Diese Prozesse laufen oft unbemerkt mit – und erklären, warum Humor in Organisationen sowohl Teamgeist stärken als auch Konflikte verschärfen kann.

2. Die vier Humor-Typen nach Rod A. Martin

Rod A. Martin und Kolleg:innen unterscheiden vier grundlegende Humor-Stile:

  • Affiliativer Humor – verbindet und baut Spannungen sozial verträglich ab.
  • Selbstaufwertender Humor – stärkt Resilienz und Umgang mit Stress.
  • Aggressiver Humor – geht auf Kosten anderer, oft sarkastisch, zynisch.
  • Selbstabwertender Humor – stellt sich selbst klein, um zu gefallen oder zu entlasten.

Affiliativer und selbstaufwertender Humor fördern psychologische Sicherheit, Wohlbefinden und Teamklima.

Aggressiver und selbstabwertender Humor hingegen korrelieren mit Konflikten, Stress, Unsicherheit und geringerem Vertrauen.

Mehr Humor ist also nicht automatisch hilfreich – es kommt auf die Art an.

3. Wohlwollen und Dankbarkeit als Grundlage gesunden Humors

Entscheidend ist nicht nur, was gesagt wird, sondern aus welcher inneren Haltung.

  • Wohlwollen statt verdeckter Abwertung
  • Dankbarkeit statt Zynismus
  • Kooperation statt Statusspiele
  • Neugier statt vorschnellem Urteil

Humor aus Dankbarkeit und Wohlwollen lädt ein, statt auszuschließen. Er ermöglicht Kritik, ohne Beziehung zu gefährden. Er schafft Verbindung, nicht Distanz.

In meiner eigenen Forschung zu verletzendem Humor wird deutlich: Entscheidender als der Witz selbst ist die Kombination aus Thema, Ziel, Machtverhältnissen, Intention und Kontext.

4. Warum Humor nicht überall gleich funktioniert

Ob Humor als harmlos oder als verletzend erlebt wird, hängt von mehreren Dimensionen ab:

  • Thema & Form: Sensibilität des Inhalts, Originalität statt Klischee.
  • Intention: Verbinden, testen, provozieren oder abwerten?
  • Perspektive: Wer lacht über wen?
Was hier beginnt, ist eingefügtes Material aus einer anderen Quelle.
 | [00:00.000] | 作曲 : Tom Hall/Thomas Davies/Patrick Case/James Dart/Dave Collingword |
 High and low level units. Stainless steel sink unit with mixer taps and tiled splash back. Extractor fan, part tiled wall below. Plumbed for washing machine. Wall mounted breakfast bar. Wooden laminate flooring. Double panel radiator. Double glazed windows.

Punching up oder down?
  • Machtverhältnisse: Kommt der Witz von oben oder von Gleichgestellten?
  • Kontext: Teammeeting, Bühne, Konflikt oder Pause?

Die gleiche Pointe kann in einer vertrauten Peergroup befreiend wirken – und in einer hierarchischen Situation verletzend.
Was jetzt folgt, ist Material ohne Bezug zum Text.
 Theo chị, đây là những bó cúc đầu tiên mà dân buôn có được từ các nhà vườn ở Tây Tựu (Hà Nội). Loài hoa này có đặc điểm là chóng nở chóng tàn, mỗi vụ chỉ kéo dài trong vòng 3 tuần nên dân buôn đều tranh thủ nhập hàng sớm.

5. Was heißt das für Leadership, HR und persönliche Entwicklung?

  • Teams brauchen Humor-Sensibilität – nicht „mehr Witze“.
  • Führungskräfte brauchen humorbewusste Kommunikation.
  • Organisationen brauchen klare Leitlinien, was als konstruktiver Humor gilt.
  • Menschen brauchen resilienzfördernden, selbstaufwertenden Humor.

Humor ist ein High-Risk–High-Reward-Instrument: Gelingt er, stärkt er Vertrauen. Misslingt er, beschädigt er Beziehung.

6. Fazit: Humor ist kein Lautstärkeregler, sondern ein Präzisionsinstrument

Humor ist einer der stärksten Hebel für Resilienz, Kreativität und Verbundenheit. Aber er ist auch einer der sensibelsten. Deshalb lautet die zentrale Erkenntnis:

  • Nicht mehr Humor ist das Ziel.
  • Besserer Humor ist das Ziel.
  • Bewusster Humor ist der Weg.
  • Wohlwollen und Dankbarkeit sind die Grundlage.

Humor ist keine angeborene Gabe, sondern eine Haltung und ein Set erlernbarer Kompetenzen.


Weiterführende Literatur

  • Martin, R. A. (2007). The Psychology of Humor.
  • Martin, R. A. et al. (2003). Humor Styles Questionnaire.
  • Meta-Analysen zu Humor & Arbeitspsychologie (Mesmer-Magnus et al.).
  • Eigene Forschung zu verletzendem Humor (Mayerhofer, in Review).